Martes, 24 de noviembre, 2020

“From arbitrary arrests, prosecutions, and imprisonment of activists to legally-sanctioned discrimination against minority groups, there is a pressing need for human rights reforms,” said Yamini Mishra


Read in Burmese here.

Myanmar's newly elected government must prioritize human rights reforms after failing to do so in its first term, said Amnesty International today.

Amnesty International is presenting the newly elected government with an 11-point Human Rights Agenda, urging all Members of Parliament to make a public commitment to promote respect for the human rights of everyone. The full Human Rights Agenda is available here.

"The National League for Democracy (NLD) now has an important opportunity to pursue vital reforms in its second term," said Yamini Mishra, Amnesty International’s Asia-Pacific Regional Director.

"Having paid such a high price for their activism in the past – indeed, many party members are former prisoners of conscience themselves – it is high time the NLD used their new mandate to pursue critical reforms in favour of human rights.”

On 15 November 2020, Myanmar's Union Election Commission (UEC) confirmed Aung San Suu Kyi's National League for Democracy (NLD) victory in the general elections held on 8 November, taking 396 of the 498 seats up for election in both chambers of parliament. The new government will be officially sworn in when the new parliament sits in early 2021.

Under the military-drafted Constitution, a further 166 seats – a quarter of the 664 parliamentary seats – are reserved for military appointees. The 8 November elections excluded the Rohingya population from voting. Furthermore, voting was cancelled in several areas, including conflict-hit ethnic minority areas such as in Rakhine State, where 1.5 million Rakhine people were unable to vote.

In 2016, Aung San Suu Kyi and the NLD came to power after a landslide victory in November 2015.
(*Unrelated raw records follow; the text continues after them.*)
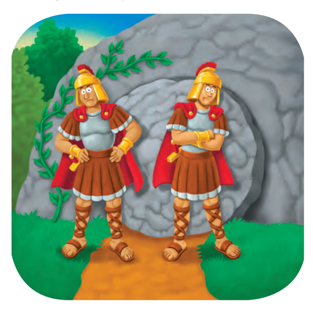
I am glad you are in charge of everything, God.

No matter how hard people try, they cannot stop God's plans.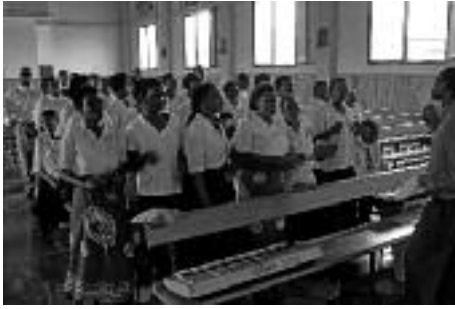
Corpus Christi Choir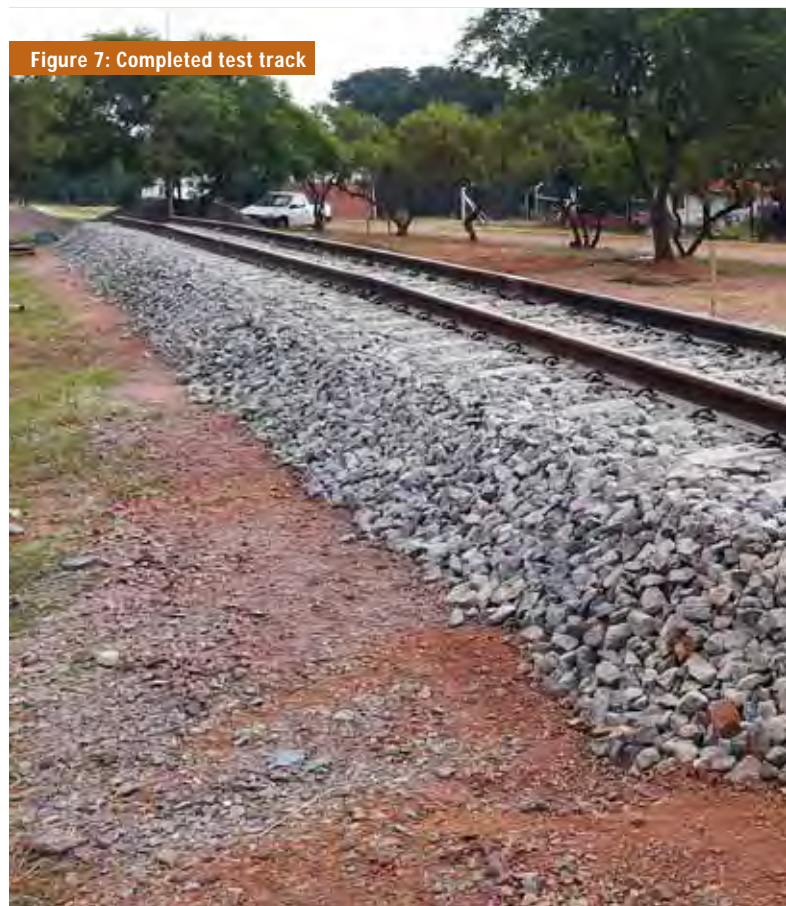
Figure 7: Completed test track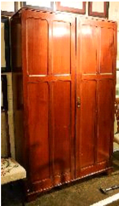
Lot # 90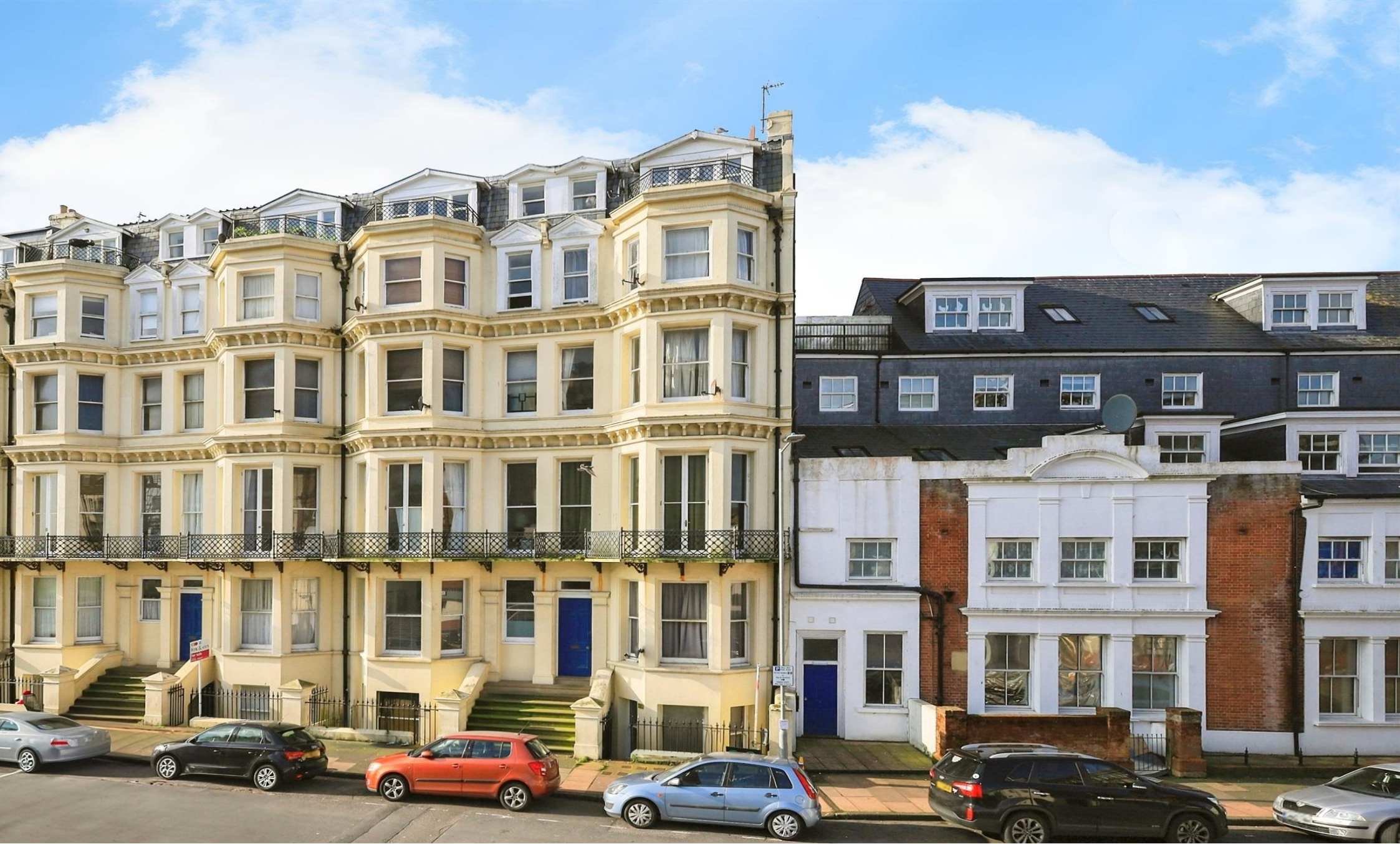
Queens Gardens, Eastbourne BN21 3EF

"In her first term as Myanmar's de facto head of state, it was shocking to see how little Aung San Suu Kyi’s government was willing to do to improve the human rights situation. While constrained by the Constitution that gives the military entrenched powers, the NLD nevertheless has the majority needed to review and repeal or amend repressive laws,” said Yamini Mishra.

“These laws, often from the military era, underpin Myanmar’s shocking human rights record and should be consigned to the history books.”


Time to reform repressive laws

Amnesty International’s Human Rights Agenda highlights key legal reforms the government must undertake, including reforming or repealing the range of repressive laws used to arrest, prosecute and imprison individuals simply for exercising their rights to freedom of expression, association and peaceful assembly.

Vital legal reforms are also needed to ensure women’s rights and gender equality, protect the rights of LGBTI people, and abolish the death penalty.

“From arbitrary arrests, prosecutions, and imprisonment of activists to legally-sanctioned discrimination against minority groups, there is a pressing need for human rights reforms,” said Yamini Mishra.

“Besides legal reforms, there are executive decisions the new government can take in favour of human rights, including the immediate and unconditional release of all people jailed solely for peacefully exercising their human rights.”

Amnesty International’s 2020 briefing "I Will Not Surrender”: The Criminalization of Human Rights Defenders and Activists in Myanmar, highlighted 16 recent cases of arbitrary and politically-motivated arrest, prosecution, and imprisonment, involving 58 people.

Local civil society organization Athan estimates that at least 331 people were prosecuted in freedom of expression-related cases in 2019 alone.